Introduced in 2012, the National Early Warning Score (NEWS) was designed to standardise the clinical response to the deteriorating patient. Derived from routinely measured physiological parameters, it was validated as an indicator of clinical deterioration and mortality in several acute medical conditions. Despite its widespread use, questions were raised over its safety in the management of patients at risk of hypercapnic respiratory failure, for whom the addition of supplemental oxygen might lower their NEWS, but inadvertently place them at risk of worsening hyperoxic hypercapnia.4 Furthermore, patients with chronic hypoxaemia and on long-term oxygen therapy may have inappropriately elevated scores by virtue of their being on supplementary oxygen even when their acute illness has stabilised, resulting in inappropriate escalation for medical review. In response, the Royal College of Physicians introduced NEWS2 in 2017, which incorporates a second oxygen saturation (SpO2) scale for use with patients at risk of hyperoxic hypercapnia, as well as ‘new confusion’ as an adverse factor.5 NEWS2 is recorded on multiple occasions during hospital admission and, like NEWS, triggers a clinical response at a threshold score of ≥5. The instructions for completion of NEWS2 stipulate the presence of hypercapnia on a current arterial blood gas or during previous assessments, before using the second oxygen saturation scale. However, up to 25% of patients hospitalised with ECOPD do not have an arterial blood gas taken, and among those that do, the prevalence of hypercapnia is high. Is there an argument, therefore, to employ the second SpO2 scale on NEWS2 (NEWS2ALL COPD) for all patients admitted to hospital with ECOPD to avoid missing those patients at risk of, but not yet diagnosed with, hypercapnia? And if so, is NEWS2ALL COPD a useful clinical tool to predict in-hospital mortality as an alternative to DECAF?

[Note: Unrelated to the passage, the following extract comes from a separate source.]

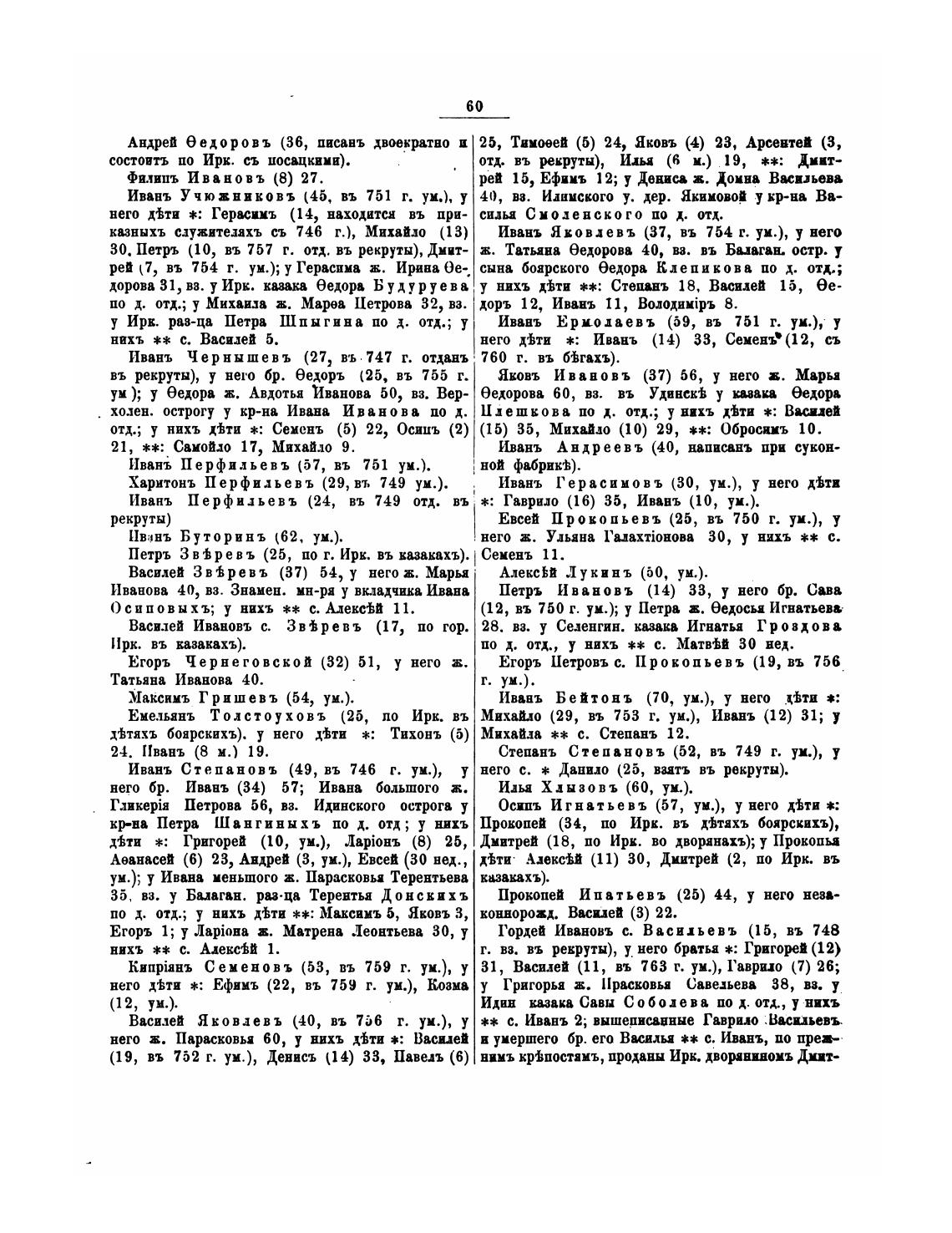 30. Петръ (10, въ 757 г. отд. въ рекруты), Дмит- ж. Татьана 40, вв. въ Балаган. остр. у

These are the questions that Echevarria and colleagues endeavour to address in the current issue of Thorax. 6 They retrospectively applied the second SpO2 scale of NEWS2 to all patients with ECOPD and compared its performance against NEWS and NEWS2 in terms of clinical alert frequency and in-hospital mortality prediction. The authors also compared the performance of admission NEWS2 with the DECAF score in patients admitted with ECOPD. The application of NEWS2ALL COPD at admission reduced the numerical score overall, thus decreasing the frequency of clinical alerts by 9.5% in absolute terms. This was achieved without detriment to safety, as mortality was zero on the day of admission for those patients in the lowest risk category (NEWS2ALL COPD 0–4). As a predictor of in-hospital mortality, however, the DECAF score performed better than NEWS2ALL COPD, NEWS2 and NEWS (area under the receiver-operator curve (AUROC) 0.83 vs NEWS2ALL COPD 0.72, NEWS2 0.70 and NEWS 0.65).

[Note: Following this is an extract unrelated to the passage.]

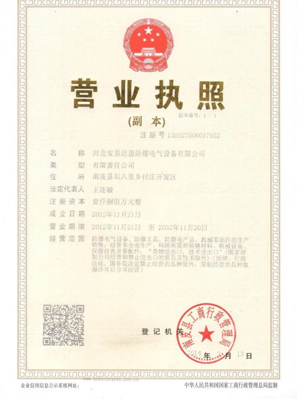 公司简介:河北安易达思防爆电气设备有限公司是渤海集团旗下的公司之一,专业生产防爆电气、防爆配电箱柜、防爆灯具、防爆空调、防静电产品、防爆工具,特种工具,不锈钢工具,平台量具,注册资金1800万元,是中石油、中石化入网单位,请您安心购买,放心使用。
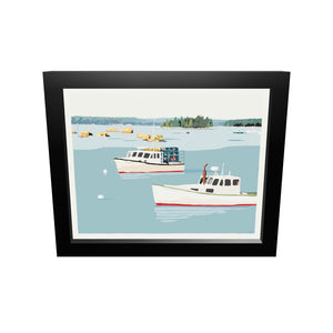 Lobster Boats in Friendship Art Print 8" x 10" Horizontal Framed Wall Poster By Alan Claude - Maine

This study makes a significant contribution to the literature on the use of NEWS2 in COPD exacerbations and is relevant to current clinical practice, as early warning scores will continue to be ubiquitous in acute medical care.7 8 It has been conducted in a large, multi-centre cohort of unselected patients with proven COPD with a complete data set for the primary outcome of in-hospital mortality. Although NEWS2 and NEWS2ALL COPD were derived retrospectively, the individual parameters were recorded prospectively. The study incorporated the presence of new confusion, unlike recent studies that have evaluated NEWS2,7 8 and demonstrated that this addition improved its ability to detect in-hospital mortality.

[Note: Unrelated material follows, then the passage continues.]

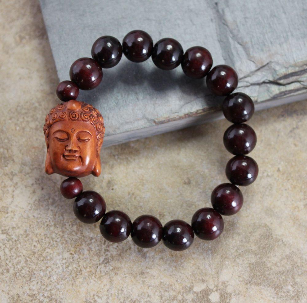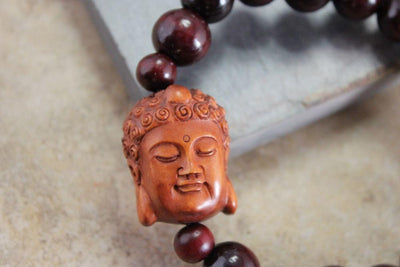 A spectacularly detailed hand carved Buddha pendant string with boxwood beads on a stretchy cord.

The initial concern about NEWS was that patients with COPD and other conditions associated with chronic respiratory failure would be given inappropriately high levels of supplementary oxygen to avoid triggering an alert.4 However, members of acute medical and critical care teams might argue that unnecessary alerts for urgent (NEWS2 ≥5) or emergency (NEWS2 ≥7) responses based on relatively low oxygen saturations in patients with COPD impose a more onerous burden on alreadystretched emergency response teams. The evidence presented by Echevarria et al for a safe reduction in such alerts using NEWS2ALL COPD is therefore reassuring.

Furthermore, the authors make a convincing case for the superiority of the DECAF score in assessing in-hospital mortality risk and have included their comparison with NEWS2 on the basis that the latter is used to adjust for case mix in the National COPD Audit. It should be noted, however, that the derivation cohort analysed in this study was likely to favour DECAF, as its original aim was to identify independent predictors of in-hospital mortality at admission. Nonetheless, it is helpful to highlight once again the utility of the DECAF score in clinical practice to risk-stratify patients at admission, particularly now that there is randomised controlled trial evidence of its role in facilitating safe, cost-effective early discharge for low-risk patients.9

Some caution should be exercised in interpreting the findings. First, the performance of NEWS2 and NEWS2ALL COPD was assessed in a cohort of patients with proven COPD, whereas it is common in clinical practice for patients to receive an empirical diagnosis of ECOPD based on clinical features and a relevant smoking history1; spirometry may in fact only be recorded in 40% of admissions. This does limit the generalisability of the study, although the authors rightly cite the study of Austin et al,10 where application of controlled oxygen therapy in patients at risk of hypercapnic respiratory failure was effective in reducing mortality, even though a high proportion of patients did not have proven diagnosis of COPD.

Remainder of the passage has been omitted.